Welcome to the Second Life Forums Archive

These forums are CLOSED. Please visit the new forums HERE

Server Releaes Beta : General Discussion

Abigail Merlin
Child av on the lose
Join date: 25 Mar 2007
Posts: 777
12-30-2008 21:32
Yes I noticed lots of L3 outages when I was running my irc network too, they have been having trouble for decades.
On another note, how is the Q&A of 1.25 comming along= anyidea when we can expect 1.25 to be on aditi for testing and when the pilot might be if all goes wel?
Prospero Linden
Linden Lab Employee
Join date: 6 Aug 2007
Posts: 315
01-04-2009 07:37
I expect to get 1.25 back on aditi on Monday or Tuesday. I'll post something in the 'announcements' thread of this forum when that happens.
Maggie Darwin
Matrisync Engineering
Join date: 2 Nov 2007
Posts: 186
01-05-2009 13:55
From: Prospero Linden
Yesterday's outage had nothing to do with the rolling restart. There was an outage with L3.

Didn't say it did.

The question I was asking was about a possible correlation between rolling restarts and database server load.

Intuitively it seems to me that restarting every region server on the grid, even over a few days time, would tend to increase load on the asset servers as each region rediscovers the properties of the objects rezzed in it. (Unless they do a very good job of cacheing that data locally, a cache that survives a restart with a different server version.)

I wasn't sure if this idea referred to a well-known and well-understood phenomenon, was one that betrays my ignorance of the various architectures involved, was a reasonable unconfirmed suspicion, or was a question nobody had asked before.

If it's a brand new idea, building a timeline of the grid status reports showing RRs and asset server congestion might be interesting. Unless LL has better data than that internally, of course.

If it turns out to be a strong correlation, one might contemplate rolling a bit slower...unless infrastructure improvements endow us with a much more robust asset service. People might not moan and groan so much that their regions were being restarted if they knew the outage would be short and not likely to be accompanied by problems fetching inventory or having logins disabled "until things get better".

That always reminds me of Beavis and Butthead "Uh....we're like closed or something, go away..."
Prospero Linden
Linden Lab Employee
Join date: 6 Aug 2007
Posts: 315
01-05-2009 16:48
Rolling restarts USED to place a huge load on the database. However, with the introduction of a backend piece of software called the "region conductor", that has largely gone away. It used to be that we'd push rolling restarts as fast as we could, watching the database carefully, and we'd have to back off if the database started to grumble a little. Nowadays, with the region conductor, we run the rolling restarts 1.5-2x faster than we used to, and never get a peep out of the database.
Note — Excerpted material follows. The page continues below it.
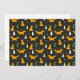 A fun and modern Christmas greeting card featuring a whimsical, seamless pattern of stylized orange foxes wandering through green and white pine trees under a gentle snowfall. Set against a chic, dark brown/charcoal background, this design is perfect for those who love contemporary or rustic woodland holiday themes. Send a cheerful and unique greeting this holiday season with a card that stands out!

The change is because it used to be that simulators hit the database directly to find out what regions to run. During a rolling restart, that meant a LOT of simulators all hitting the database at once trying to find regions to run. Nowadays, just one process-- the region conductor-- does that, and it caches the information. The simulators all then hit the region conductor. Yeah, there's probably some added load, due to information that gets saved when regions go down, but empirically the load on the database due to a rolling restart is a LOT less than it was before server version 1.23.
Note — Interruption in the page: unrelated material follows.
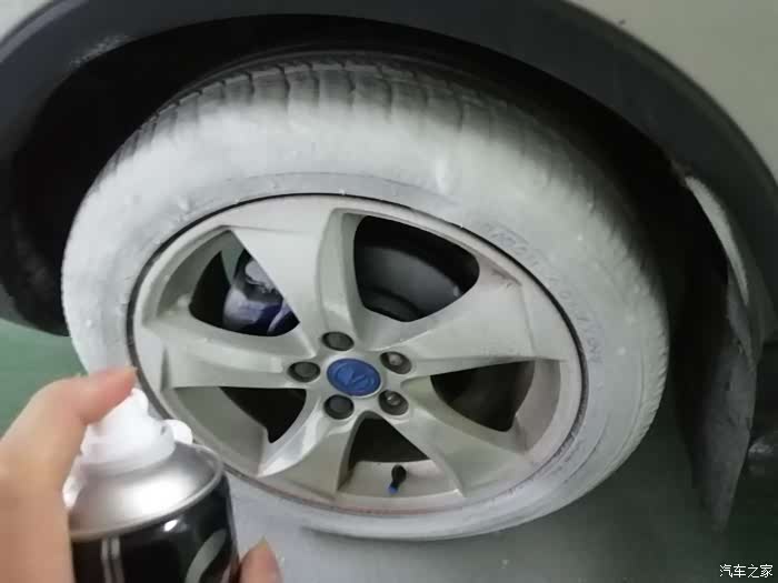 长安cs35是我人生中的第一辆车,购车的主要用途是家用,平时有少量的短途自驾游,上下班的次数多点,所以跑的里程不是太多,目前行驶了3.5万公里,对于长安cs35各方面的性能还是比较满意的。洁白的车身下,一颗强劲有力的心,爱信4at的变速箱,换挡也很平顺。安全行车,最关键的一条就是轮胎,所以买车4年多了,每次出门前我都会仔细的检查下轮胎,虽然我行驶的里程有点少,但是轮胎毕竟是属于消耗品,况且还是橡胶制品,经过4年的风吹日晒,已经有点磨平和老化了,这跟行驶的路况有关系的,我记得听过一个专家说过,橡胶制品的极限时间是6年,所以我的轮胎应该还能坚持一段时间,看到有不少的车友都在保养自己的轮胎,我也忍不住动手了,车友们用的物品也是五花八门的,表盘蜡,轮胎蜡,等等吧,反正都是对轮胎好的,我选择了一个既能清理,又能够保养的泡沫光亮剂,因为之前车友买了两瓶,用的效果不错,还剩下一瓶没用完,直接给我了,我打算用它好好的清理保养下轮胎。今天天空不作美啊,下雪了,只好进地下停车位操作了,好了,给大家上详细的过程吧!

I still monitor the database during rolling restarts-- if the database starts to overload for any other reason, of course, we want to slow down or stop the rolling restart both to avoid contributing to database overload, and to avoid the RR having trouble because the database dropped connections from it. However, with our current server software the rolling restarts are not all that bad for the database any more.
Maggie Darwin
Matrisync Engineering
Join date: 2 Nov 2007
Posts: 186
01-05-2009 17:23
From: Prospero Linden
...empirically the load on the database due to a rolling restart is a LOT less than it was before server version 1.23...
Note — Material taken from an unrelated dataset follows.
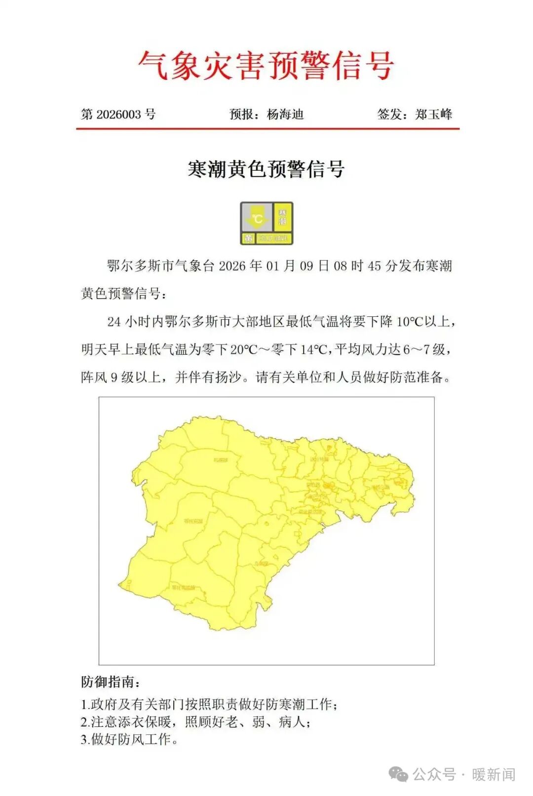 今天(1月9日)8:45,鄂尔多斯市气象台发布寒潮黄色预警信号:24小时内鄂尔多斯市大部地区最低气温将要下降10℃以上,明天(1月10日)早上最低气温为零下20℃~零下14℃,平均风力达6~7级,阵风9级以上,并伴有扬沙。

OK, thanks for the details.

Just goes to show you how performance superstitions start...I actually remember the rolls of servers before 1.23, and it seemed to me the hit was noticeable out on the grid back then.

Now I feel old, and I only had my first rezday back in November. :-)
Bane Darrow
Registered User
Join date: 23 Apr 2006
Posts: 21
01-05-2009 23:05
From: Prospero Linden
Rolling restarts USED to place a huge load on the database. However, with the introduction of a backend piece of software called the "region conductor", that has largely gone away. It used to be that we'd push rolling restarts as fast as we could, watching the database carefully, and we'd have to back off if the database started to grumble a little. Nowadays, with the region conductor, we run the rolling restarts 1.5-2x faster than we used to, and never get a peep out of the database.

The change is because it used to be that simulators hit the database directly to find out what regions to run. During a rolling restart, that meant a LOT of simulators all hitting the database at once trying to find regions to run. Nowadays, just one process-- the region conductor-- does that, and it caches the information. The simulators all then hit the region conductor. Yeah, there's probably some added load, due to information that gets saved when regions go down, but empirically the load on the database due to a rolling restart is a LOT less than it was before server version 1.23.

I still monitor the database during rolling restarts-- if the database starts to overload for any other reason, of course, we want to slow down or stop the rolling restart both to avoid contributing to database overload, and to avoid the RR having trouble because the database dropped connections from it. However, with our current server software the rolling restarts are not all that bad for the database any more.


Maybe a dumb question, but why are there even database problems to begin with? I mean, I know the answer I'm going to get is 'SL is massively complex and huge and so many paramaters, yadda yadda'... but honestly... It's not like there aren't bigger and hotter databases out there. These scaling issues have been solved many times over in many different scenarios.

It's one of my giant frustrations with SL; in the end, these problems just -aren't- that hard despite the responses I'm going to get to this. 100,000 simultaneous users is not rocket science.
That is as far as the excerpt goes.